I
Durante unas vacaciones en Bariloche me enteré que el ratón
Perez era un fraude. Ese verano habíamos alquilado una casa que a mí me gustaba
mucho porque se llamaba Konak. Que una casa tuviera nombre y que ese nombre
tuviera dos kas me causaba gracia. Una tarde en Konak se me cayó
uno de los últimos dientes de leche. Esa noche mi viejo me
llamó a su cuarto y me dijo que el señor Perez era él. El remitente de todas
las cartas que recibí durante mi infancia era falso, flor de noticia.
Finalmente, para levantarme un poco el ánimo, me extendió un billete
de diez, el doble de la suma que solía dejarme el rata de Perez. Sin embargo, para mí
era como si me estuvieran regalando un papel con la jeta de Belgrano impresa,
nada tenía sentido. La carta que ya tenía escrita y que pensaba dejarle debajo
de la almohada junto al diente la tuve que tirar.Anoche me levanté con mi pesadilla top: se me caían todos los dientes. Tratando de arrancarme un aparato que me había colocado el dentista y que me cubría todo el paladar yo hacía un movimiento brusco y de un saque se me caían todos los dientes de arriba sobre una mesa de madera. Cuando me despierto por esos sueños miro todas las cosas de mi cuarto hasta entender y reconocer todo. A veces me felicito por la veracidad de la historia, o por algún detalle minucioso que a mi subconsciente se le ocurrió incluir en la trama. Después me vuelvo a dormir.
Ese aparato en el paladar existió alguna vez. También fue real la escena de yo intentando arrancármelo porque me hacía hablar con la zeta. Fue una etapa ridícula de mi vida, a los trece o catorce años. Me habían puesto aparatos fijos y esa era la cruz que debía cargar todos los días. Porque yo, a esa edad, cuidaba mucho la imagen. Usaba anillos y cada tres o cuatro días me retocaba el pelo con una maquinita. Era un niño metrosexual, pero con las mujeres me iba mal, muy mal. Yo estaba seguro de que era por los aparatos, y soñaba con el día en que el Dr. Guardo, la persona más miserable que conocí en mi vida, me los arrancara con una pinza oxidada. Pero el Dr. Guardo, cada dos martes, lo único que decía al ver mi boca abierta era “qué mordida profunda tenés, che”. Andá a cagar, Guardo.

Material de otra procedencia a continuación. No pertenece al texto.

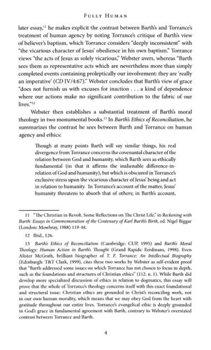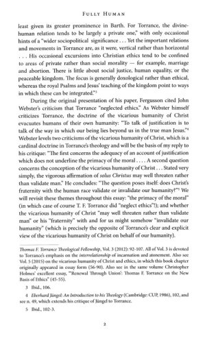 Todd Speidell's Fully Human in Christ builds upon Torrance's vision of a Christian ethic radically rooted in God's grace, which encompasses, sustains, and transforms the entire human and created order. A trinitarian-incarnational social ethic does not begin with our human causes, projects, and agendas, however noble they might be, but with witness to the reconciling person and work of Jesus Christ for us.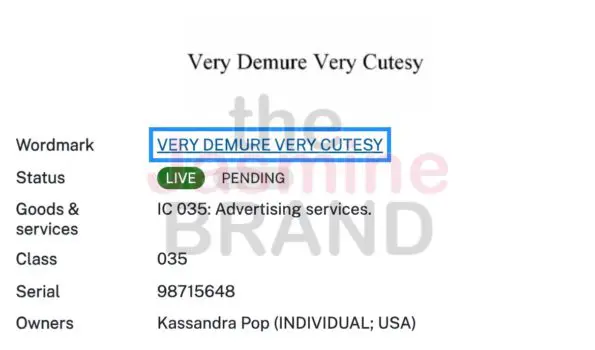 Additionally, Kassandra Pop has filed for “Very Demure, Very Cutesy” for advertising services.

El aparato del paladar era siniestro. Me bloqueaba el paladar por completo y la comida, sobre todo la miga de los sándwiches, quedaba atascada ahí hasta pudrirse. Otra vez me dieron, para que usara durante las noches, un metal que se enganchaba a los brackets y que tenía una correa elástica que rodeaba la nuca. Era para abrir la mórdida, decía Guardo. Así como me lo dieron lo tiré en el fondo de un cajón del baño.
Un día me sacaron todos los fierros, pero con las mujeres me
siguió yendo mal. Me acuerdo de llorar por una, hecho una bolita sobre mi cama.
A los quince, una mina te puede pegar durísimo, ojo con eso.
II
Ahora ya no lloro más. La procesión va por dentro, y es una
lástima. Tampoco me mando cartas con mi viejo, ni aunque se esconda en un
ratón omnipresente que vive en una casa de calcio. Pero el otro día lo abracé. Fueron tres abrazos, uno por gol. Por primera vez habíamos ido a la
cancha él y yo, sin mi hermano, sin amigos, sin sobrinos: un verdadero programa
padre hijo. Durante el viaje de ida no hablamos demasiado, apenas algunos
comentarios aislados sobre el tráfico o el once inicial. Cuando llegamos a
nuestros asientos le dije que había un clima raro. Me preguntó porqué y no supe
contestarle. Dale Agustín, estudiás Letras, tenés que saber explicarte, me
dijo. Yo no entendía que la rareza no estaba en la gente sino en nosotros dos, solos,
compartiendo una tarde juntos después de años y años. En el festejo del primer gol lo
abracé y me sentí tan bien que volví a repetir el gesto en los dos goles
siguientes. El no me devolvía el abrazo, era como si simplemente lo aprobara.
Tal vez eso era lo que más me gustaba, que cada uno actuara como se le cantase.
Con el partido ya liquidado, la hinchada empezó uno de mis
cantitos preferidos. Yo canté con todas mis fuerzas, en cuero y sacando a
gritos toda la mierda que llevo adentro. Mi viejo, en cambio, se quedó en
silencio, parado, con la radio pegada al oído y los ojos apenas vidriosos.